Dans cette pièce comme dans les six autres qu’elle a créés depuis la naissance en 1997 de la compagnie qui porte son nom, le vocabulaire chorégraphique que déploient danseurs et comédiens témoigne de la richesse du parcours de Nawel Skandrani. De sa formation classique, débutée en Tunisie dans une école de danse privée puis au Conservatoire national de musique, et poursuivie en France, en Italie et aux États-Unis. De sa découverte avec Martha Graham et Merce Cunningham de la danse moderne qui se développe alors, ainsi que du modern jazz. Les expériences théâtrales qu’elle mène à son retour en Tunisie en 1988 contribuent aussi au millefeuille de Ré-existence. De même que la création, en 1992, du Ballet national qu’elle dirige pendant quatre ans. Où elle commence à se forger un style à la croisée des disciplines qu’elle n’a depuis jamais cessé de faire évoluer. De mettre à l’épreuve du présent. Car pour Nawel Skandrani, la danse participe aux grandes questions de l’époque. Elle a son mot à dire des drames comme des espoirs d’aujourd’hui.

 

Le Point Afrique : Dans Recapitulatio (2015), votre précédente création, vous mettiez en scène un couple solitaire, incompris, face au chaos. Des « êtres humains en manque d’amour, un territoire en manque d’Art », dites-vous sur le site internet de votre compagnie. Dans Ré-existence, vous mettez l’accent sur la faculté de transformation du monde de l’artiste. Est-ce pour vous une suite ?
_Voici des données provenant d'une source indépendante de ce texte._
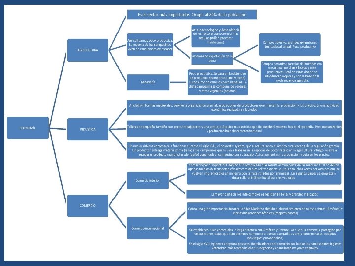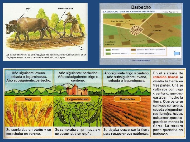 a) La agricultura • • Durante el Antiguo Régimen, la agricultura era la actividad más importante, ocupaba a la mayoría de la población (más del 80%). La posesión de la tierra era una importante fuente de poder y prestigio social, estando la mayor parte de ella en manos de la nobleza o de la Iglesia. Era una agricultura de tipo tradicional destinada al autoconsumo y caracterizada por una baja productividad debida a: ü la utilización de técnicas poco productivas (barbecho) y herramientas muy anticuadas. ü la estrecha dependencia de los fenómenos naturales (sequías inundaciones, heladas, plagas, etc. • • • Los cultivos más frecuentes eran los cereales, las legumbres, las plantas forrajeras, por el contrario el regadío estaba muy limitado. Como complemento a la agricultura se practicaba la ganadería (ovina y bovina). La producción de carne y leche resultaba muy reducida y la dieta de la población se basaba sobre todo en el consumo de cereales. La mayoría de los rebaños también estaban en manos de los estamentos privilegiados. Los campesinos vivían en condiciones de escasez, incluso de verdadera miseria, a ello se sumaba el pago de los impuestos que, durante la Edad Moderna, fueron creciendo de forma continua ya que las necesidades financieras de las monarquías fueron en aumento constante, a causa de las incesantes guerras y del incremento de las administraciones y la burocracia.

Nawel Skandrani : Recapitulatio était surtout un récapitulatif de vingt ans de vie personnelle et professionnelle. Avec Sergio Gazzo, qui signe la création vidéo de mes spectacles depuis de nombreuses années, nous avons recyclé des images qui tantôt prolongeaient ce qu’exprimaient les danseurs, tantôt entraient en contradiction avec leurs gestes. Car si j’aime mêler les disciplines dans mes pièces, c’est pour en approfondir le sens. Pour y apporter non seulement de l’intensité, mais aussi de la contradiction. C’est aussi le cas dans Ré-existence, où en plus de mon complice Sergio Gazzo, je retrouve le musicien Jawhar Basti, qui a collaboré à plusieurs de mes créations et qui a composé la musique de celle-ci, qu’il joue en direct. Chaque pièce est donc un peu la suite de la précédente. Après le très personnel et intimiste Recapitulatio, j’ai eu besoin de revenir à deux éléments qui nourrissent beaucoup ma danse : le travail de troupe et la transmission.

 

Le désir de parler de la Tunisie de manière positive est aussi manifeste, surtout à travers les témoignages des interprètes, qui joignent les mots aux gestes. Pourquoi ce choix ?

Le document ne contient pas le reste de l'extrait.